What is the order of a group given three generators, $a^2=b^3=c^4=1$ and $cb=ac$

Question

A group $G=\langle a,b,c\mid a^2=b^3=c^4=1, cbc^{-1} = a\rangle $ what is the order of the group $G$ give all such possible values.

My attempt: Since $cbc^{-1} =a \Rightarrow cb = ac\;\;(*)$, but then if multiply $(*)$ with $a$ from the left we get $$acb = c$$ And if we multiply $(*)$ with $b^2$ from the right we get $$c = acb^2$$ But then we get $acb^2 = acb \Rightarrow b^2 = b$ so $b=1$ then $a=1$. So the only options either $G = \langle c \rangle $ or $G=1$ the trivial group so either $|G|=4$ or $|G|=1$. Is that correct?

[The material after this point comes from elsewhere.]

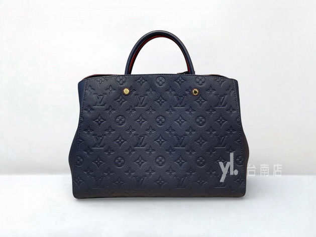 V4160 LV包包 海軍藍牛皮壓紋金釦MontaigneGM手提肩背包M43238 (台南店)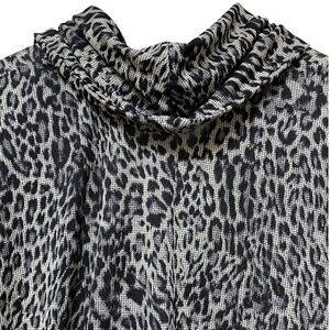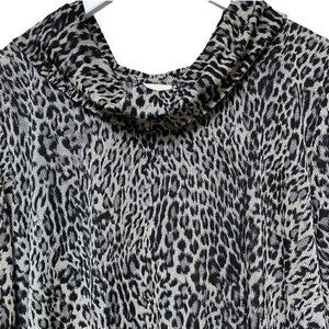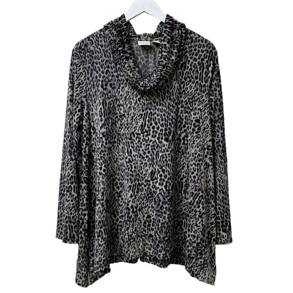 CHICOS Leopard Top Medium (Chico's 1) Cowl Neck Jersey Gray Black Long Sleeve

This is a question from a Preliminary algebra exam in a university.

Answer 1

By a Tietze transformation, the group $G$ given by the presentation in question is isomorphic to

$$\langle b,c\mid (cbc^{-1})^2=b^3=c^4=1\rangle.$$

But now $1=(cbc^{-1})^2=cb^2c^{-1}$, so that $1=c^{-1}c=c^{-1}(cb^2c^{-1})c=b^2$. Then $b=b(b^2)=b^3=1.$ This, again by Tietze transformation, means

$$G\cong\langle c\mid c^4\rangle.$$

The RHS is a presentation of $\Bbb Z_4$. Hence $|G|=4$.

Answer 2

Since $a$ and $b$ are conjugate, they have the same order. But the order of $a$ divides $2$, that of $b$ divides $3.$ Thus $a=b=e$.

Thus a presentation for $G$ is$\langle c\mid c^4\rangle, $ and we have $G\cong \Bbb Z_4.$